We have not had him around, and I would not recommend a home with small dogs, with cats or children under teen age. I would recommend someone who is committed to spending the resources on training: willingness, money and time. Add some training and this dog is going to be awesome.
Ok, maybe not as smart alecky as the Nash Bridges character of years ago, but still, this boy has quite the personality!
He is funny, can be full of himself and if he could talk I would imagine some of the same comments slipping out of his mouth.
Nash has a sureness about him and he does tend to lean on the dominance side with other dogs and not always the most courteous and respectful when first meeting new dogs ~ but he is learning.
Nash is like this big over grown puppy. He is big, weighing in at over fifty pounds and he is young, a year if that.

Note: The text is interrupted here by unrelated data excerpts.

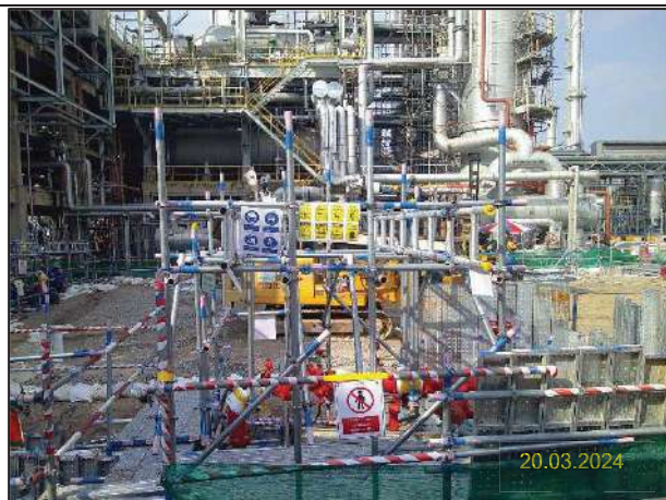
ง) กิจกรรมการติดตั้งหอแยกก๊าซโพรเพน (New DePropanizer Column) และระบบหล่อเย็นแบบ Air Cool รูปที่ 1-7 ตัวอย่างการดำเนินงานของโครงการประจำเดือนมีนาคม พ.ศ. 2567
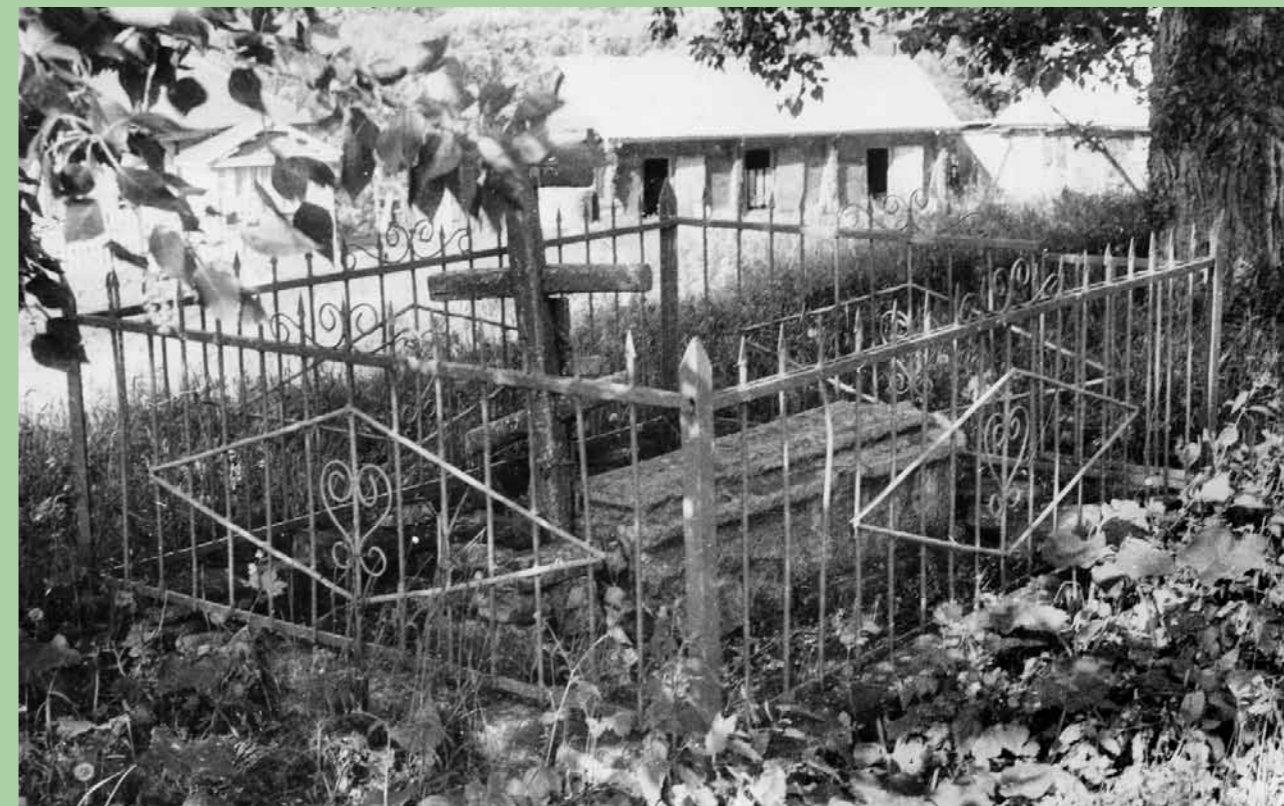
Могилы Иоанна Кочетовского. 80-е гг. XX в.
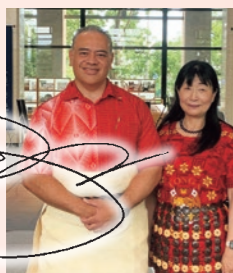
深川氏と筆者（写真左）
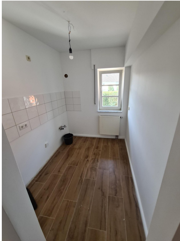
Teeküche 1. OG
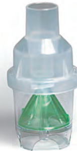
330500 本体 (6cc)
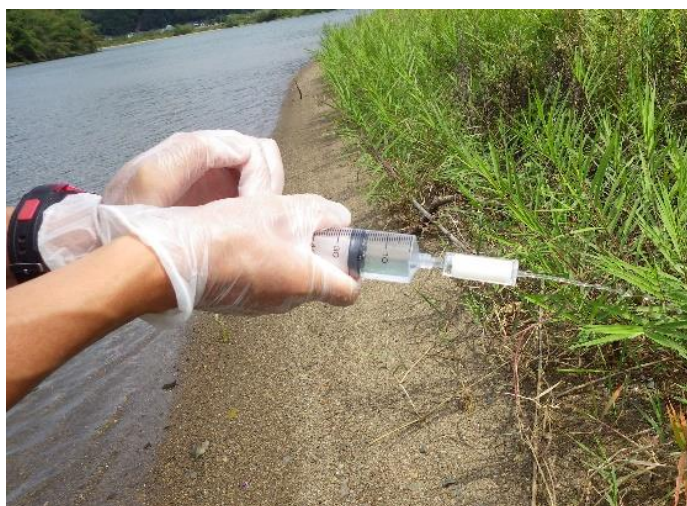
図1. 採水した河川水をろ過している様子。注射筒の先についている白い物が、フィルターの入ったカートリッジ。
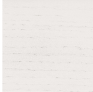
Walnut Stained Oak
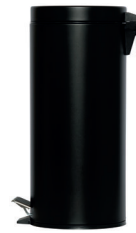
SO-6030-MBLA Papera de pedal 29,2 cm Ø x 64 cm alto 1 94,63 €
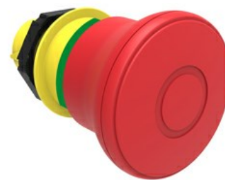
Przycisk do zatrzymania awaryjnego (grzybki), blokowany, odblokowanie przez pociągnięcie Ø 40 mm/1,6" LPCB674
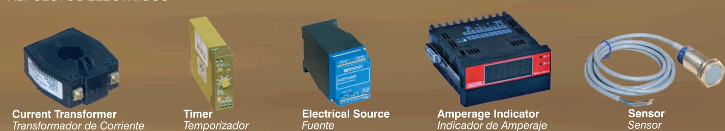
Current Transformer Transformador de Corriente
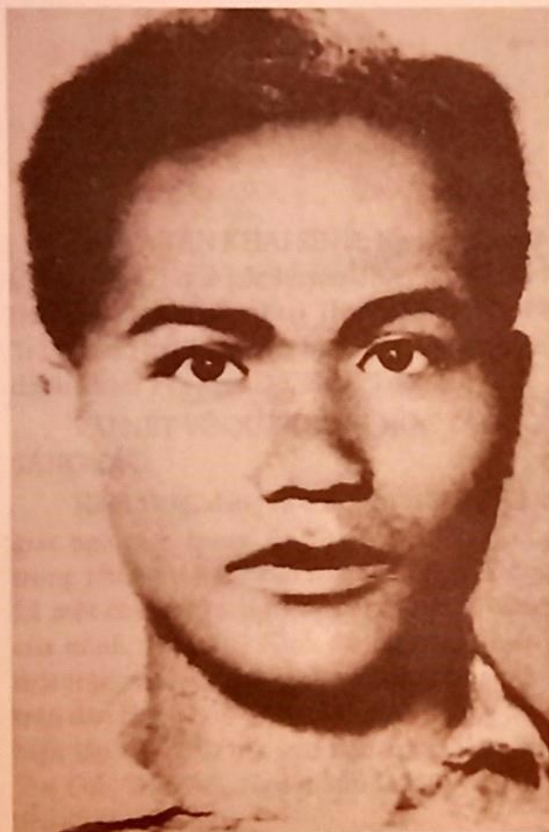
Nhà thơ TRẦN MAI NINH (1917 - 1947)
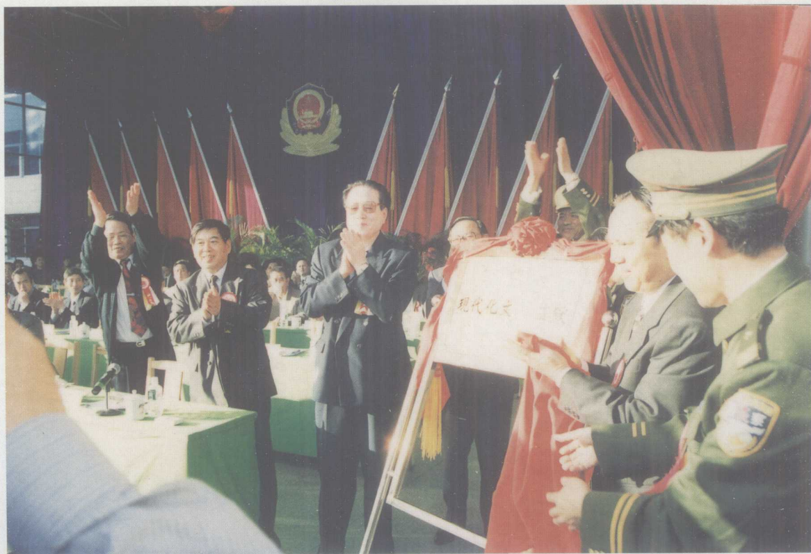
广东省第一个部级现代化文明监狱——广东省东莞监狱。图为现代化文明监狱授牌仪式。
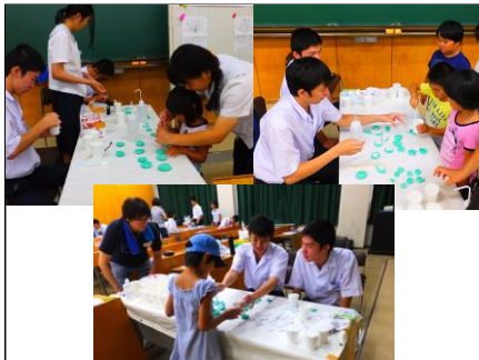
「化石のレプリカをつくろう」③ 工作に興味をもって楽しんでしてもらえるように、細やかにアドバイスをします。
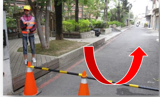
<前門旁>騎機車家長在此讓學生下車上學 (迴轉)
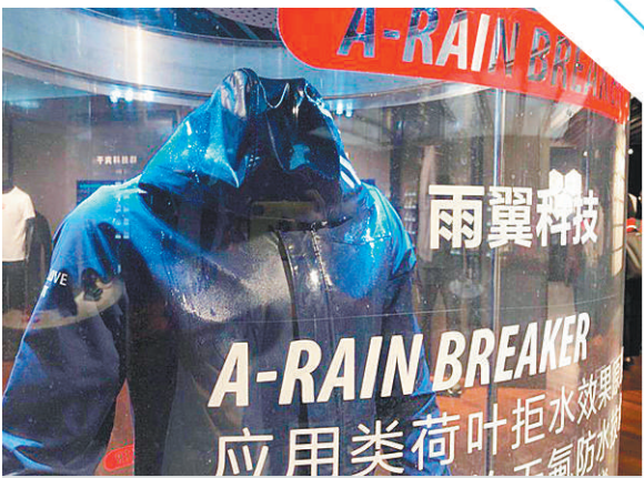
安路集团研发的高科技服装面料。

味。上世纪80年代,“老干妈”的故事随着一瓶瓶别具风味的辣椒酱传遍大江南北。今天,声名远播的“老干妈”做到了“吃水不忘挖井人”,致力于脱贫攻坚及困难户的帮扶工作。
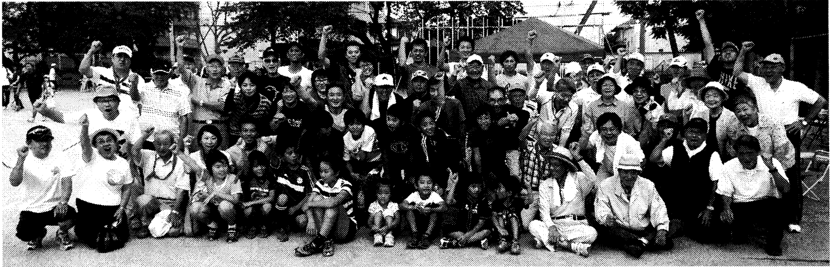
団地チーム、優勝おめでとう！ほかのチーム同様に一人一人の頑張りとお応援の励ましに拍手！！
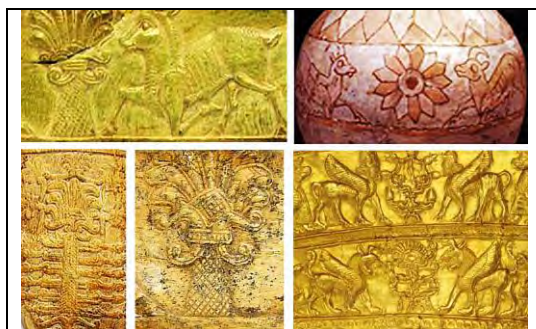
۱۳. زیویه.

شکل‌های گوناگون در زیورها و سنگ نگاره ها تکرار گردیده است (ت ۱۴).
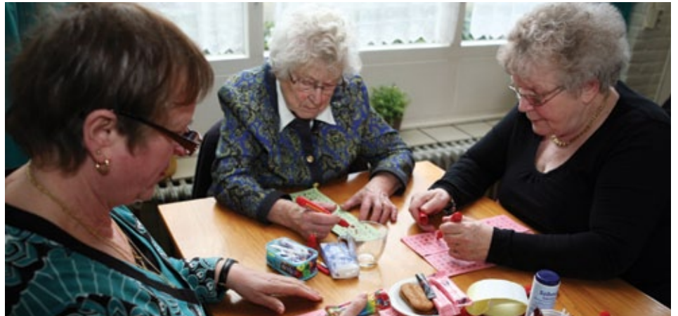
Dames concentreren zich op de bingokaart.

‘Otto 69’, roept Antoinette onverstoorbaar, of ‘Isaak 21, Gerard 50’, bij elk balletje dat ze uit haar ‘knikkerzakje’ grabbelt, ‘Bernard 10!’

He is very active and doesn’t seem to realize how big he is.
A fenced in yard would really be best for this dog.
Not sure about cats and small dogs so for now, let’s just say a home of his own or with another large dog.
Nash is a sharp boy and picks up fast.
He is good in his crate.
He is said to be house trained but we have not had him inside loose for long times so new adopters will want to keep an eye on him for the first couple weeks.
As we get to know him better, he is pretty new to our program, we will post more information.
Here is some information on the breed, Dutch Shepherd:
“The Dutch Shepherd, or DS for short, is a lively and intelligent breed with an insatiable desire to work. Whether they are herding sheep, fighting crime, assisting the disabled, or just going for a long hike as a family pet, the DS can do it all! They are definitely not the breed for everyone, as they require a lot of physical and mental stimulation to keep them happy and healthy. If you can provide the activity they need and are looking for a loyal, hard-working, devoted and loving companion then the Dutch Shepherd might be the breed for you.” NADSR
Nash needs someone with some doggy experience and who can handle a touch of attitude.
He will most definitely need to participate in doggy obedience classes:
Please note that adopters will be expected to participate in a dog obedience class.
There are many reasons why taking your new puppy to a dog class is a good thing:
encourage bonding, increase pups self-esteem, learn new things or new ways of teaching those old things, meet new people who love dogs too, have resources to help solve those doggy behaviors we don’t want, and maybe, just maybe, get involved in the world of doggy sports because today, there is a multitude of doggy sports for everyone!
Here are a few: Rally obedience, agility, musical freestyle, lure coursing, barn hunt, hose work, conformation, herding. Your wallet may be lighter when you go out and compete but your life will be fuller!
Let us know if you need help finding a dog obedience class in your area.
Local dog obedience clubs are a good place to look!
Nash is available for adoption. If you are interested, please fill out an application and email it to us as an attachment.
Click here for adoption application
Medical: He is neutered, micro chipped, wormed, and up to date on shots.
Microchip: Included in the adoption is the registration of the AVID micro chip in the new owner’s name.
Adoption fee: $225
Leash and Collar or Harness: a Lupine brand harness or collar and leash are provided for each canine. Lupine has a life time guarantee; if chewed, the company will replace it free of charge.